50th Anniversary Events and Featured Panel Sessions
50th Anniversary Events
SfN is proud to celebrate 50 years of promoting scientific discovery and connection at its annual meeting. In 2019, SfN celebrated the 50th anniversary of its founding. The 2020 meeting marks 50 years of the SfN annual meeting. To commemorate these anniversaries, SfN has created special sessions showcasing the evolution of the field and the promising future.
Studying Human Neurodevelopment and Diseases Using 3D Organoids
Moderator: Marina Picciotto, PhD
Induced pluripotent stem cells (iPSCs) are increasingly being used to understand the neural phenotypes related to neurobiological illness and the effects of genetic polymorphisms on synaptic properties. Similarly, brain organoids are providing information on neuronal development and how this is altered in disease. This 50th Anniversary Dual Perspectives session will bring together experts in these two areas, Kristen Brennand and Yun Li to describe and debate the relative contributions of iPSCs and organoids.
Oh Sh*t — Great Scientists Tell Stories About Their Greatest Failures
Chair: Megan H. Hagenauer, PhD
Science can be brutally difficult. The daily experience of science is often failure; most experiments fail, most grants are rejected, most job candidates never get an interview. Despite this, failure is rarely discussed in public and the long stumbling chain of failures that lead to scientific findings are hidden between the lines of publications. In this session, established scientists will tell their personal stories of crashing and burning: mistakes, fiascos, and deeply humbling moments.
Then and Now Panels
Mentor and Mentee — A Conversation About 40 Years on Different Routes to the Same Destination
Chair: Elizabeth A. Phelps, PhD
Michael Gazzaniga presented a lecture on split-brain patients at the Society for Neuroscience’s first annual meeting in 1971. Several years later, Joseph LeDoux became Gazzaniga’s PhD student. Their research together suggested that inner narrations underlie our conscious sense of unity as an organism. In the 1980s, Gazzaniga’s work was pivotal in establishing the field of cognitive neuroscience, while LeDoux’s research helped revive the study of the emotional brain. In this session Gazzaniga and LeDoux will discuss how their collaboration influenced their separate scientific paths, including their common interest in consciousness.
Featured Panel Sessions
These interactive panel discussions encourage scientific collaboration and discussion. Basic-Translational-Clinical Roundtables offer clinician-scientists an opportunity to earn CME credits.

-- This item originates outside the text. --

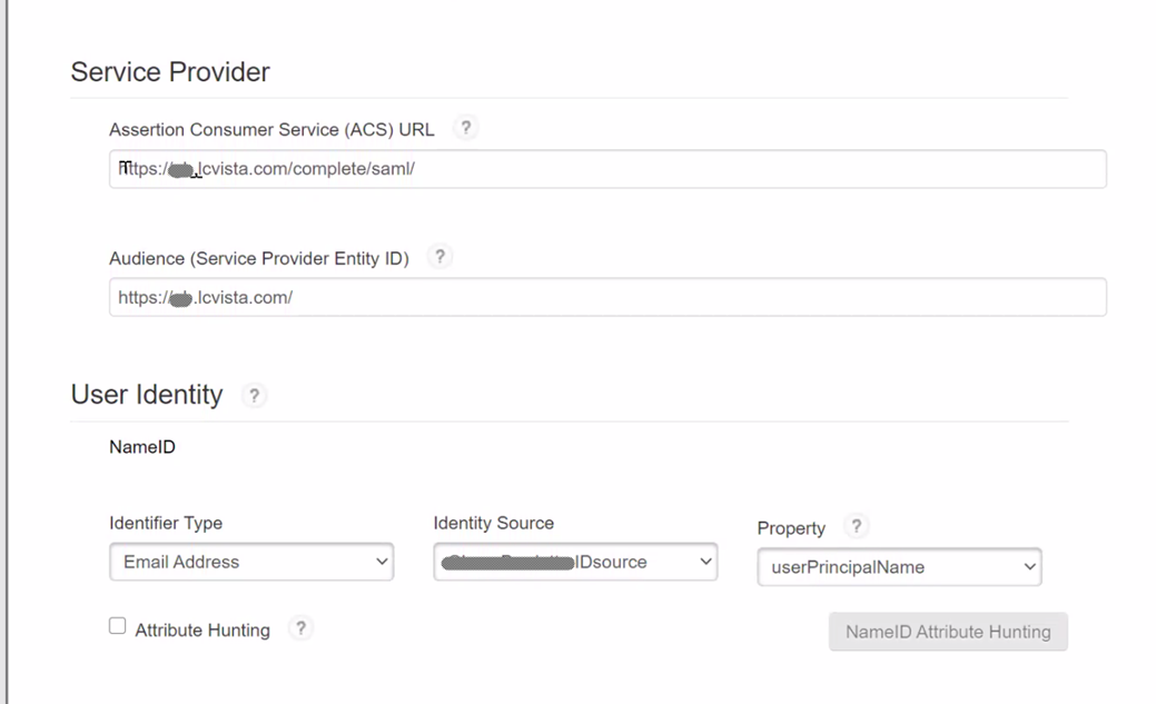 - User Identity: Ensure there is a defined property selected for the Identity Type, Source and Property. The default selections are acceptable as LCvista does not use the NameID in the SSO claims.

Medicinal Cannabis — The Evidence and the Promises CME
Organizer: Diana Martinez, MD
This session will discuss the neuroscience of medical cannabis, including the neurobiology of the endocannabinoid system and the potential medicinal uses of cannabis. The panel will discuss the role of cannabis in treating some medical disorders while exacerbating others and will review the data supporting its clinical use. Additionally, the signs of a cannabis use disorder will be discussed, including the risk factors for developing this disorder and potential ameliorating factors.
What Can Genomics, Omics, and Other Unbiased Approaches Tell Us About Alzheimer’s Disease and Dementia? CME
Organizer: Gerard Schellenberg, PhD
Can Artificial Intelligence (AI) Provide a Theoretical Framework For Understanding the Brain or Is It Too Far Removed From Physiology To Be Useful?
Moderator: Anthony M. Zador, MD, PhD
What Does Dopamine Encode?
Moderator: Patricia H. Janak, PhD
The discovery of reward prediction error coding during reinforcement learning represents a dramatic success story in linking computational theory to experimental evidence. In addition to a teaching signal, recent studies report a diversity of information coding in tegmental dopamine neurons, including differential signals between dopamine release and cell body spiking for motivation and reward prediction error. Wolfram Schultz, Ilana Witten, and Josh Berke will directly address how these findings can be reconciled with traditional learning models of dopamine function.